Arkansas lawmakers on Tuesday declined to give up $2.9 million in money intended for local projects to help pay for budget needs, instead tapping the state's unclaimed property proceeds and the fund for the state's constitutional officers.



 

Arkansas lawmakers on Tuesday declined to give up $2.9 million in money intended for local projects to help pay for budget needs, instead tapping the state's unclaimed property proceeds and the fund for the state's constitutional officers.

Gov. Mike Beebe's office called the move risky, and the state's chief fiscal officer said one of the funds being tapped is projected to end this year with a $1.9 million deficit. But Beebe said he would still sign the measure into law if it reached his desk.

A Senate panel, meanwhile, endorsed legislation that would use lottery revenues to fund $5,000 college scholarships for eligible students attending four-year schools in Arkansas and $2,500 scholarships for those in two-year schools.

The Joint Budget Committee advanced proposals that would tap $1.6 million from the state's Central Services Fund — which finances the state's constitutional officers, Supreme Court and several other agencies — to pay for redistricting costs. The panel also endorsed taking $1.3 million from the state's unclaimed property proceeds trust fund to pay for defibrillators for public schools, the Health Department's electronic record-keeping program and the state Division of Youth Services.

Beebe had sought to borrow $9.2 million from the Legislature's portion of the General Improvement Fund — surplus money typically sent to various one-time projects around the state. The loan would pay for several budget needs, but the panel has only supported loaning $6.3 million from that fund. Most of that money would go toward reimbursing counties for housing state inmates.

Richard Weiss, the director of the Arkansas Department of Finance and Administration, said that the Central Services Fund is already projected to end the year with a $1.9 million deficit. If the fund comes up short, the state may have to cut money from other agencies, Weiss said.

Arkansas has cut $206 million from its budget over the past year.

The unclaimed property fund is managed by the state auditor's office. Chief Deputy Auditor Larry Crane told lawmakers that the fund has about $52 million in it, and Beebe's budget has already called for taking $21 million for schools.

The budget panel spent most of the morning debating the proposals to tap into the funds, with some lawmakers saying they were concerned about what it would mean for the state's budget in the future.
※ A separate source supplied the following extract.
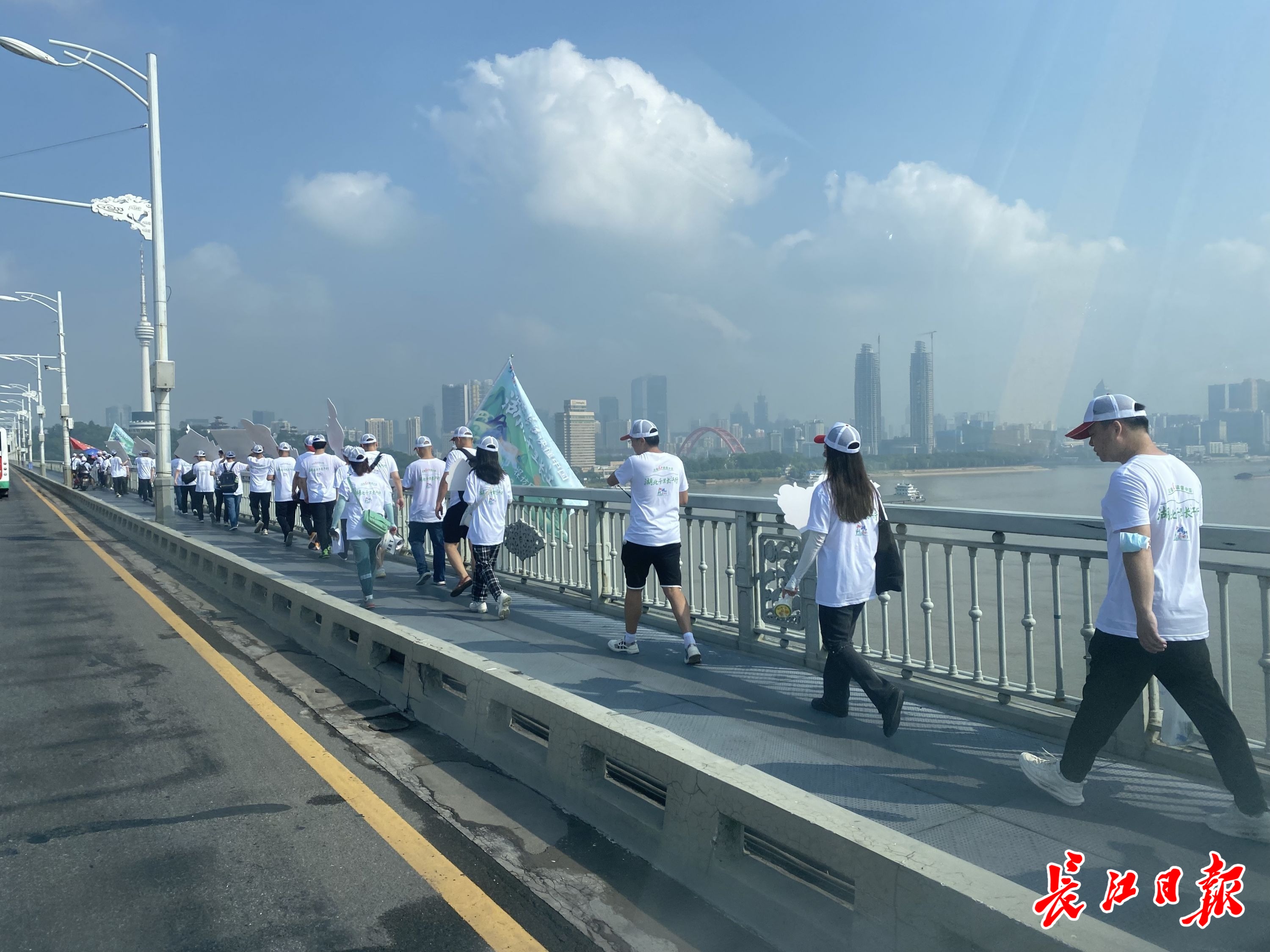 “沿着长江读懂中国——湖北千里长江行”百人文化探访团行走在万里长江第一桥武汉长江大桥上。记者彭年 摄

Lawmakers agreed last year to hold back $15 million of their $60 million General Improvement Fund in case of an economic downturn. Beebe had proposed borrowing the money, to be repaid using any fund balances agencies have at the end of the next fiscal year.
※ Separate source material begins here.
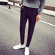 35y九分裤男士英伦休闲裤韩版修身男裤青年小脚裤男黑色哈伦9分裤

"I think we're arguing about nothing. I think we look petty," said Rep. Bruce Maloch, co-chairman of the Joint Budget Committee. "We have legitimate local projects, but we need to get our state budgets taken care of. We need to be willing to contribute more than that."
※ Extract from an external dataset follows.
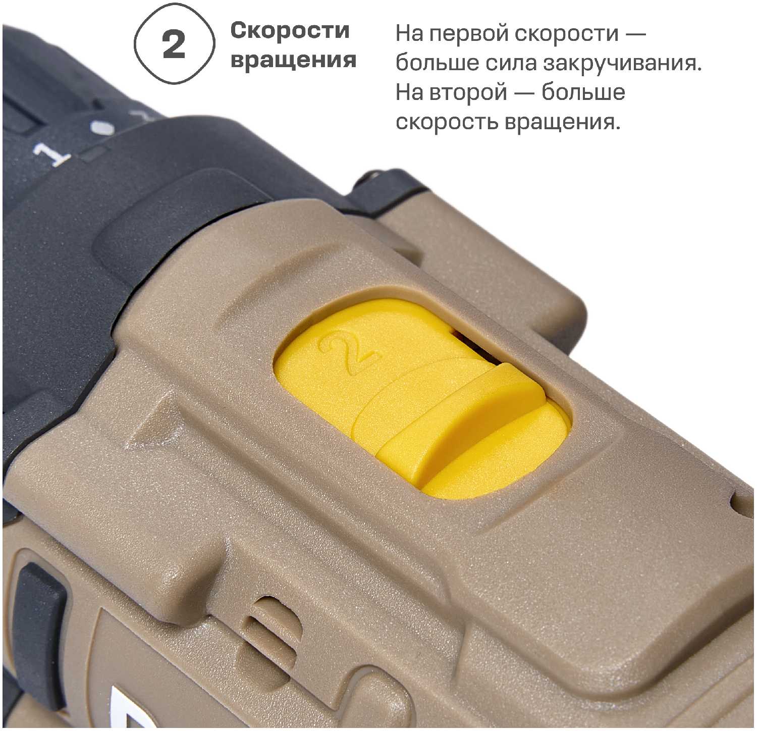 - Крутящий момент 25 Н·м (на 1 скорости) позволяет закручивать саморезы длиной до 70 мм в дерево без предварительного сверления.

Rep. Curren Everett, who had proposed taking the money from the funds, said he believed there was enough money in other accounts to pay for the budget needs. Everett, D-Salem, has argued that the one-time GIF projects are vital for smaller communities around the state.

Beebe spokesman Matt DeCample said he believed lawmakers were backtracking from the agreement to hold off on the project money in case of an economic downturn. DeCample said the governor believed it was risky to tap into the other funds.

"He'll sign it, but he won't like it," DeCample said.

The lottery scholarship legislation that advanced in the Senate is identical to a bill endorsed Monday by the House Rules Committee. The measure backed by the Senate State Agencies and Governmental Affairs Committee now heads to the 35-member Senate for a vote.

The legislation would fund scholarships for more than 20,000 incoming freshmen, current college students and nontraditional students. Arkansas began selling lottery tickets in late September, and is expected to raise $112 million for the scholarships in its first year.

To receive scholarships, students must complete the state's Smart Core curriculum and either obtain a 2.5 grade-point average or score a 19 on the ACT. Arkansas will begin awarding the scholarships this fall if the legislation is signed into law.

Sen. Kim Hendren of Gravette was the only lawmaker on the panel to vote against the legislation. Hendren had proposed that the lottery fund $4,000 scholarships for four-year schools and $2,000 for two-year schools, but his proposal did not get enough support for a vote.

Hendren, a Republican, said he was worried that lawmakers were promising too much with the scholarship amounts.

The Joint Budget Committee on Tuesday also recommended passage of Lt. Gov. Bill Halter's budget. The panel's personnel subcommittee rejected a proposal to cut Halter's budget from $366,695 a year to $129,580. The move would have laid off three of Halter's four full-time staffers.